Data records:

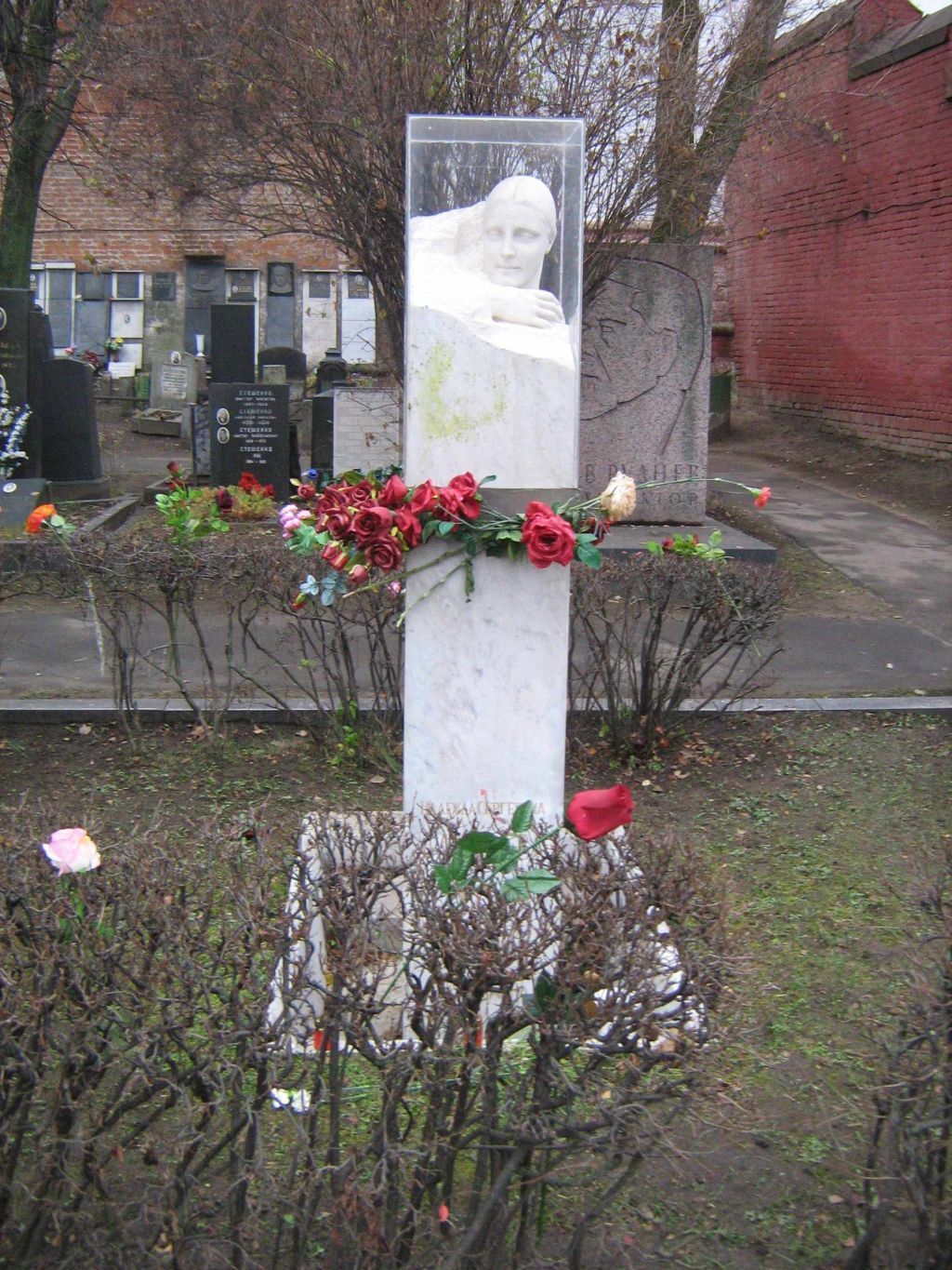 местоположение (участок 1, ряд 43а, место 7) и габариты надгробия 1933 года в общей структуре Новодевичьего кладбища;объемно-пространственная композиция надгробия 1933 года;архитектурно-художественное решение надгробия: стела с пластическим портретом Н.С.Аллилуевой-Сталиной;основание, заглубленное в землю, прямоугольное в плане, со ступенями;мемориальные надписи;бордюрное ограждение, состоящее из горизонтальных равновеликих элементов, установленное по периметру участка;материал и техника отделки надгробия: мрамор, обработка \"под шубу\", шлифовка, полировка, резьба, золочение.Изменение предмета охраны может быть осуществлено в порядке и случаях, предусмотренных законодательством об объектах культурного наследия.
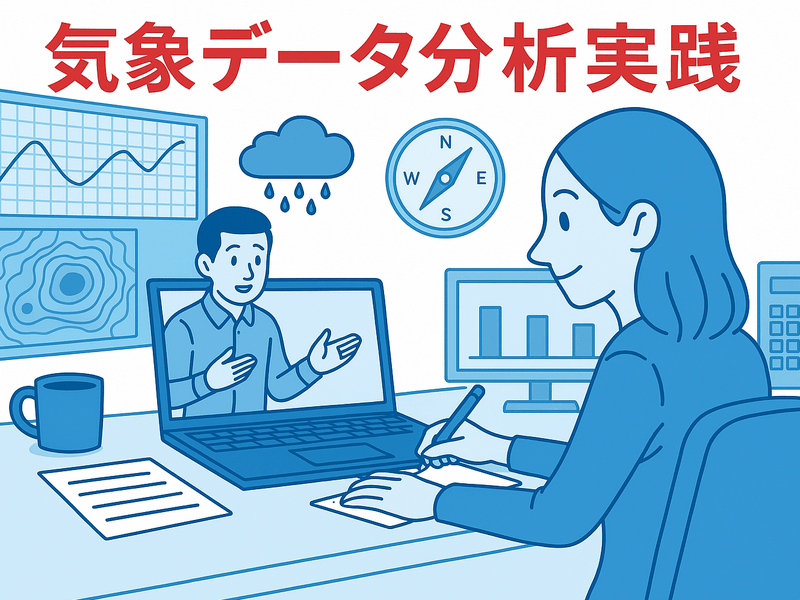 様々なビジネス分野で気象データの活用が進んでいます。この講座では気象庁が発表する様々な気象データを使った実践的なPythonプログラミング学びます。気象データアナリストの補講的な講座の位置づけの講座となります。
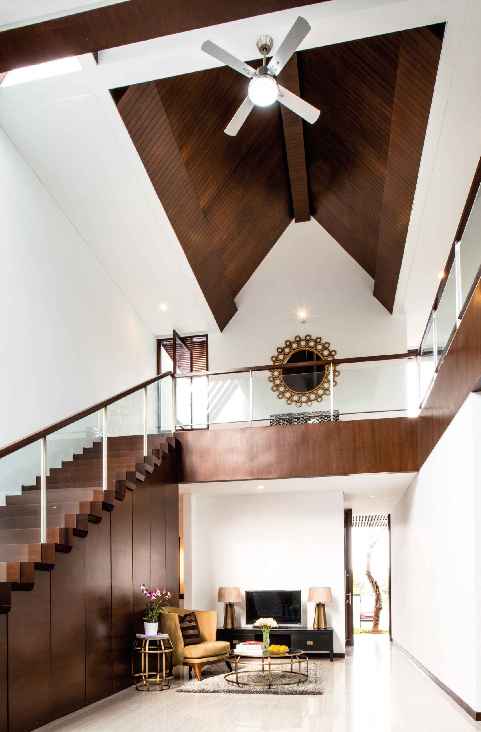 Dengan perhitungan yang cermat, aliran udara dapat diarahkan menyilang di lantai satu dan lantai dua, sehingga dapat mengoptimalkan sirkulasi udara alami. Sistem void juga dapat membantu memberikan kesan rumah yang lebih lapang. Gunakan material kayu sebagai aksentuasi di ceiling agar menambah kesan hangat, seperti rumah karya Parametr Architecture ini.
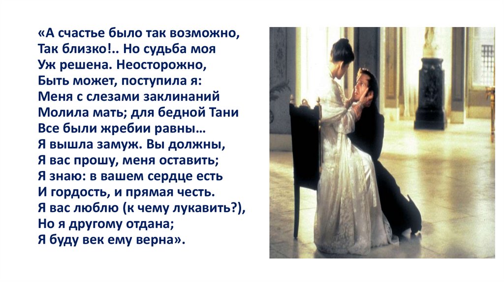 «А счастье было так возможно,Так близко!.. Но судьба моя
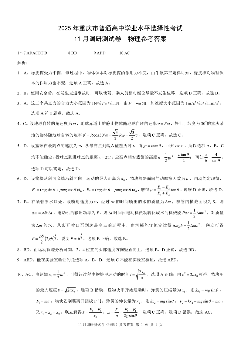 2025年重庆市普通高中学业水平选择性考试11月调研测试卷物理答案
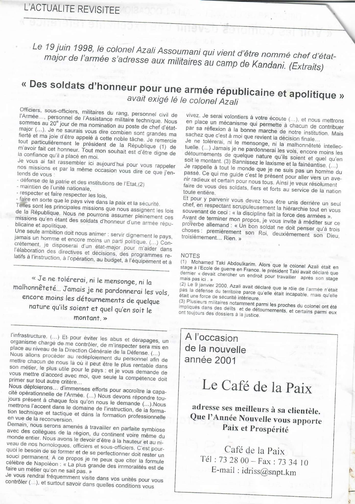 Le président Mohamed Taki ne voulait pas d’Azali au sein de l’armée nationale. « Après son stage il devra trouver un autre endroit pour travailler » aurait déclaré Taki, il y a 21 ans. Avait-il eu une vision ou une bonne intuition du colonel Azali? Qui a forcé Mohamed Taki à nommer Azali chef de l’état major ? Lisez le journal ci-dessous et remontez le temps il y a 21 ans.
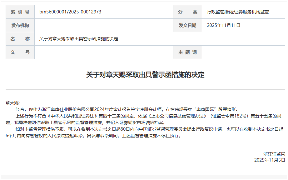 “经查,你作为浙江奥康鞋业股份有限公司2024年度审计报告签字注册会计师,存在违规买卖‘奥康国际’股票情形。”11月11日,浙江证监局对天健会计师事务所注册会计师章天赐采取出具警示函的监督管理措施。
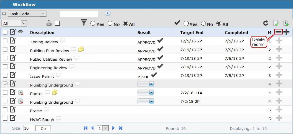 IMPORTANT: A task that has been completed cannot be removed.
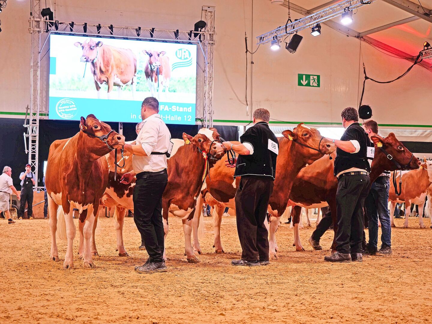 Gerichtet wurden die Tiere der Rasse Red-Holstein/Holstein von Simon Urfer aus Gerzensee. Die Simmentaler-Kühe stellte Toni Perren aus St. Stephan ein. Unter den Swiss Fleckvieh lag es an Simon Eichenberger aus Arni, die Schönheit der Tiere einzuordnen. Verteilt auf zwölf Kategorien, davon fünf der Rasse Red-Holstein/Holstein, wurden 121 Tiere vorgeführt.
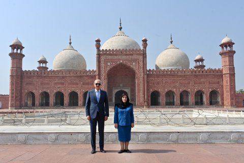 Sonra Badşahi məscidinə baş çəkən qonaqlar, burada Pakistanın tarixi keçmişinin və dini irsinin əzəmətini seyr ediblər.
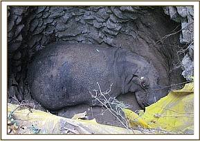 The worst incident occurred in Kichakani camp when an adult male hippo strayed into the camp at night and jumped into a 7 feet deep septic pit which was not well covered. The animal remained in the pit for a whole night before it was found the following day morning. Meanwhile it had struggled to get out of the pit but in vain. It sustained several bruises on the head and rump since the pit was narrow and squeezed. The injuries coupled with stress and shock led to death within a short time. By the time the KWS veterinary team arrived, the hippo had died. Postmortem examination revealed traumatic fatal injuries on the head and haemorrhage to the brain.
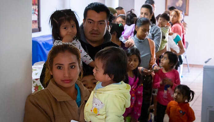 Maribel López and her family wait in line to receive vaccinations at Casa del Migrante, just south of the Mexico border. About 120 people were given a variety of shots at a one-day clinic last month. (Photo by Delia Johnson/Cronkite News)
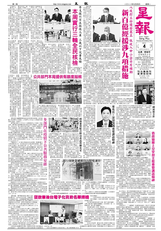 【特訊】自本波疫情爆發以來,在南光南粵兩間公司以及本澳業界的全力配合和支持下,本澳鮮活食品供應量雖大幅增加,但一直保持供應和價格穩定,由六月十九日起,供澳蔬菜逾三千五百噸、水果逾一千五百噸、蛋品逾九百萬隻、活豬逾四千七百頭,較疫情前上升五成。此外,維生支援小組向紅碼大廈住戶配送的蔬菜凍肉食物包也得到兩南公司以及本澳業界的積極配合,保供保質,確保紅碼居民的基本食物需求。
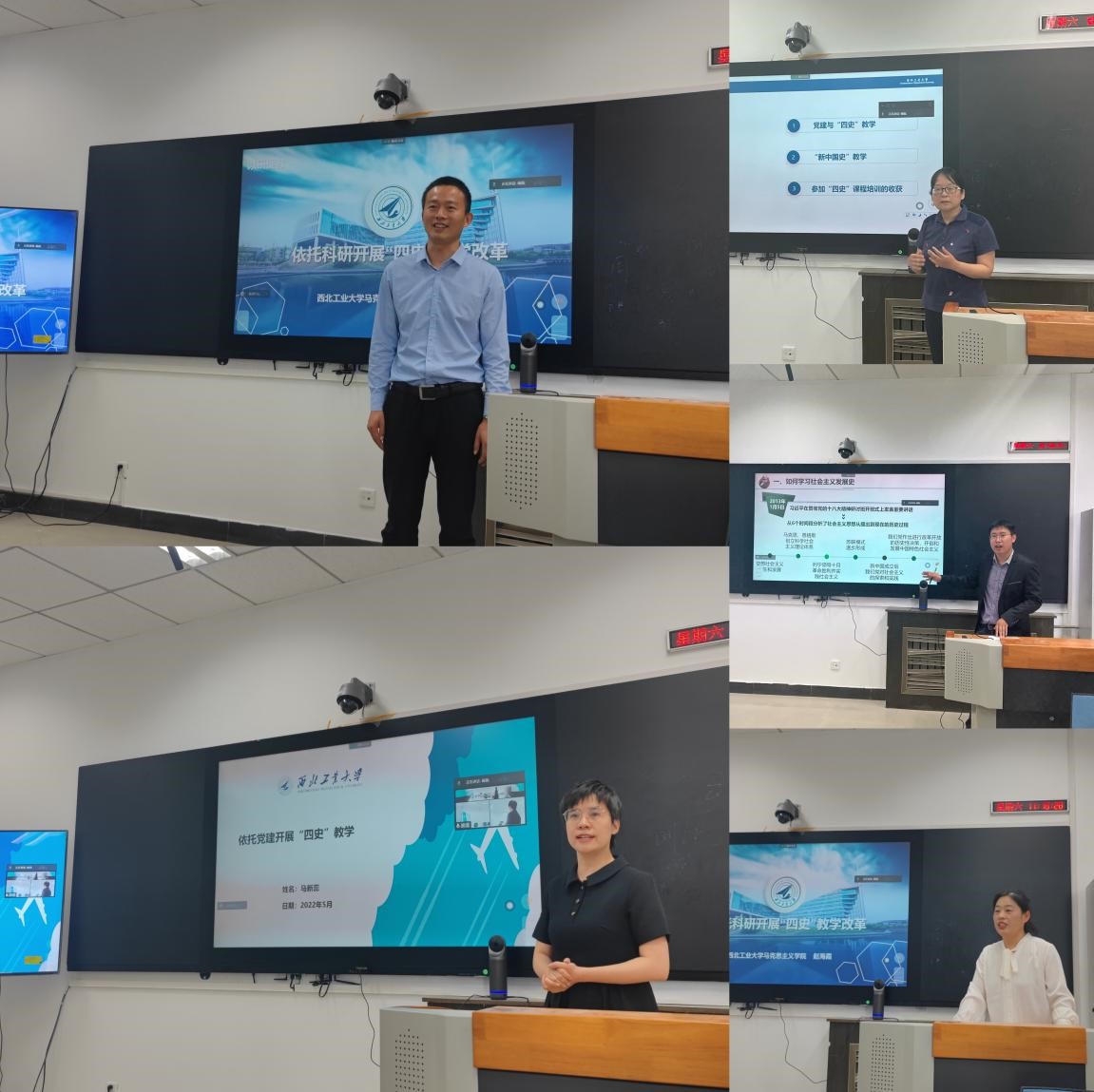 在教研分享环节,《新中国史》课程负责人马新蕊副教授做了依托党建开展“四史”教学的分享,指出以支部建设为契机,推动”四史“教学、科研、社会服务等功能于一体,以习近平总书记大历史观为根本遵循,准确把握新中国史的主线,积极回应学生关注,及时纠偏。《社会主义发展史》课程负责人山磊助理教授做了课程思政与思政课程协同推进“四史”课程建设的分享,认为只有通过全方位引入思政育人要素,使广大本科生在学习专业课程的同时,正确认识社会主义发展的历史主题、历史脉络、历史规律,牢固树立对马克思主义的信仰、对共产主义和社会主义的信念。《中共党史》《改革开放史》课程负责人赵海霞副教授,对“四史系列课程”教学团队依托科研开展课程建设情况,存在的问题及以后的教学工作规划进行分享,认为“四史”系列课程教学离不开教师们对相关内容的研究,教师需坚持历史审视与现实观照相关联,进一步加强四史相关的研究,持续挖掘思想政治理论背后的历史文化底蕴,持续拓展话语边界,切实提升思政课教学的实效性。泰国A片
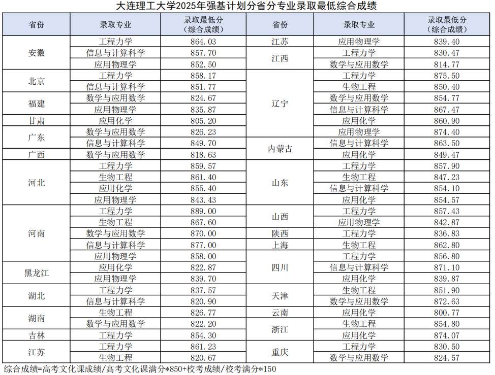 根据教育部《关于在部分高校开展基础学科招生改革试点工作的意见》(教学〔2020〕1号)等文件要求,按照《大连理工大学2025年强基计划招生简章》有关规定,通过组织专家面试,经学校研究同意,现发布大连理工大学2025年强基计划分省分专业录取最低综合成绩。
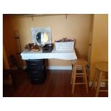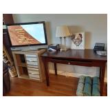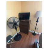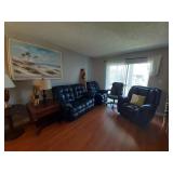 Included in this week's sale are a nice faux leather swivel rocker, recliner and love seat recliner, desk, desk chair, 2 flat screen TVs, 2 nice sofa tables, 2 end tables, dressers, an almost new queen pedestal bed with storage underneath, upholstered wing back chair, charming make-up table with chair, lamps, rugs, bathroom items, small amount of kitchen items, 2 microwaves, fans, vacuum, occasional tables and more.
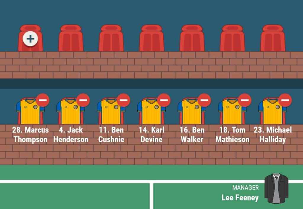 Of those to drop out, James Taylor’s commitments elsewhere meant it was a second straight matchday squad appearance for teenage stopper Marcus Thompson, while Jack Henderson and Ben Cushnie were both included on the bench. Image from myself.

Directions: Leave the pictures out, and transcribe each of the records exactly.

Solution to this exercise:
 местоположение (участок 1, ряд 43а, место 7) и габариты надгробия 1933 года в общей структуре Новодевичьего кладбища;объемно-пространственная композиция надгробия 1933 года;архитектурно-художественное решение надгробия: стела с пластическим портретом Н.С.Аллилуевой-Сталиной;основание, заглубленное в землю, прямоугольное в плане, со ступенями;мемориальные надписи;бордюрное ограждение, состоящее из горизонтальных равновеликих элементов, установленное по периметру участка;материал и техника отделки надгробия: мрамор, обработка \"под шубу\", шлифовка, полировка, резьба, золочение.Изменение предмета охраны может быть осуществлено в порядке и случаях, предусмотренных законодательством об объектах культурного наследия.
 様々なビジネス分野で気象データの活用が進んでいます。この講座では気象庁が発表する様々な気象データを使った実践的なPythonプログラミング学びます。気象データアナリストの補講的な講座の位置づけの講座となります。
 Dengan perhitungan yang cermat, aliran udara dapat diarahkan menyilang di lantai satu dan lantai dua, sehingga dapat mengoptimalkan sirkulasi udara alami. Sistem void juga dapat membantu memberikan kesan rumah yang lebih lapang. Gunakan material kayu sebagai aksentuasi di ceiling agar menambah kesan hangat, seperti rumah karya Parametr Architecture ini.
 «А счастье было так возможно,Так близко!.. Но судьба моя
 2025年重庆市普通高中学业水平选择性考试11月调研测试卷物理答案
 Le président Mohamed Taki ne voulait pas d’Azali au sein de l’armée nationale. « Après son stage il devra trouver un autre endroit pour travailler » aurait déclaré Taki, il y a 21 ans. Avait-il eu une vision ou une bonne intuition du colonel Azali? Qui a forcé Mohamed Taki à nommer Azali chef de l’état major ? Lisez le journal ci-dessous et remontez le temps il y a 21 ans.
 “经查,你作为浙江奥康鞋业股份有限公司2024年度审计报告签字注册会计师,存在违规买卖‘奥康国际’股票情形。”11月11日,浙江证监局对天健会计师事务所注册会计师章天赐采取出具警示函的监督管理措施。
 IMPORTANT: A task that has been completed cannot be removed.
 Gerichtet wurden die Tiere der Rasse Red-Holstein/Holstein von Simon Urfer aus Gerzensee. Die Simmentaler-Kühe stellte Toni Perren aus St. Stephan ein. Unter den Swiss Fleckvieh lag es an Simon Eichenberger aus Arni, die Schönheit der Tiere einzuordnen. Verteilt auf zwölf Kategorien, davon fünf der Rasse Red-Holstein/Holstein, wurden 121 Tiere vorgeführt.
 Sonra Badşahi məscidinə baş çəkən qonaqlar, burada Pakistanın tarixi keçmişinin və dini irsinin əzəmətini seyr ediblər.
 The worst incident occurred in Kichakani camp when an adult male hippo strayed into the camp at night and jumped into a 7 feet deep septic pit which was not well covered. The animal remained in the pit for a whole night before it was found the following day morning. Meanwhile it had struggled to get out of the pit but in vain. It sustained several bruises on the head and rump since the pit was narrow and squeezed. The injuries coupled with stress and shock led to death within a short time. By the time the KWS veterinary team arrived, the hippo had died. Postmortem examination revealed traumatic fatal injuries on the head and haemorrhage to the brain.
 Maribel López and her family wait in line to receive vaccinations at Casa del Migrante, just south of the Mexico border. About 120 people were given a variety of shots at a one-day clinic last month. (Photo by Delia Johnson/Cronkite News)
 【特訊】自本波疫情爆發以來,在南光南粵兩間公司以及本澳業界的全力配合和支持下,本澳鮮活食品供應量雖大幅增加,但一直保持供應和價格穩定,由六月十九日起,供澳蔬菜逾三千五百噸、水果逾一千五百噸、蛋品逾九百萬隻、活豬逾四千七百頭,較疫情前上升五成。此外,維生支援小組向紅碼大廈住戶配送的蔬菜凍肉食物包也得到兩南公司以及本澳業界的積極配合,保供保質,確保紅碼居民的基本食物需求。
 在教研分享环节,《新中国史》课程负责人马新蕊副教授做了依托党建开展“四史”教学的分享,指出以支部建设为契机,推动”四史“教学、科研、社会服务等功能于一体,以习近平总书记大历史观为根本遵循,准确把握新中国史的主线,积极回应学生关注,及时纠偏。《社会主义发展史》课程负责人山磊助理教授做了课程思政与思政课程协同推进“四史”课程建设的分享,认为只有通过全方位引入思政育人要素,使广大本科生在学习专业课程的同时,正确认识社会主义发展的历史主题、历史脉络、历史规律,牢固树立对马克思主义的信仰、对共产主义和社会主义的信念。《中共党史》《改革开放史》课程负责人赵海霞副教授,对“四史系列课程”教学团队依托科研开展课程建设情况,存在的问题及以后的教学工作规划进行分享,认为“四史”系列课程教学离不开教师们对相关内容的研究,教师需坚持历史审视与现实观照相关联,进一步加强四史相关的研究,持续挖掘思想政治理论背后的历史文化底蕴,持续拓展话语边界,切实提升思政课教学的实效性。泰国A片
 根据教育部《关于在部分高校开展基础学科招生改革试点工作的意见》(教学〔2020〕1号)等文件要求,按照《大连理工大学2025年强基计划招生简章》有关规定,通过组织专家面试,经学校研究同意,现发布大连理工大学2025年强基计划分省分专业录取最低综合成绩。
 Included in this week's sale are a nice faux leather swivel rocker, recliner and love seat recliner, desk, desk chair, 2 flat screen TVs, 2 nice sofa tables, 2 end tables, dressers, an almost new queen pedestal bed with storage underneath, upholstered wing back chair, charming make-up table with chair, lamps, rugs, bathroom items, small amount of kitchen items, 2 microwaves, fans, vacuum, occasional tables and more.
 Of those to drop out, James Taylor’s commitments elsewhere meant it was a second straight matchday squad appearance for teenage stopper Marcus Thompson, while Jack Henderson and Ben Cushnie were both included on the bench. Image from myself.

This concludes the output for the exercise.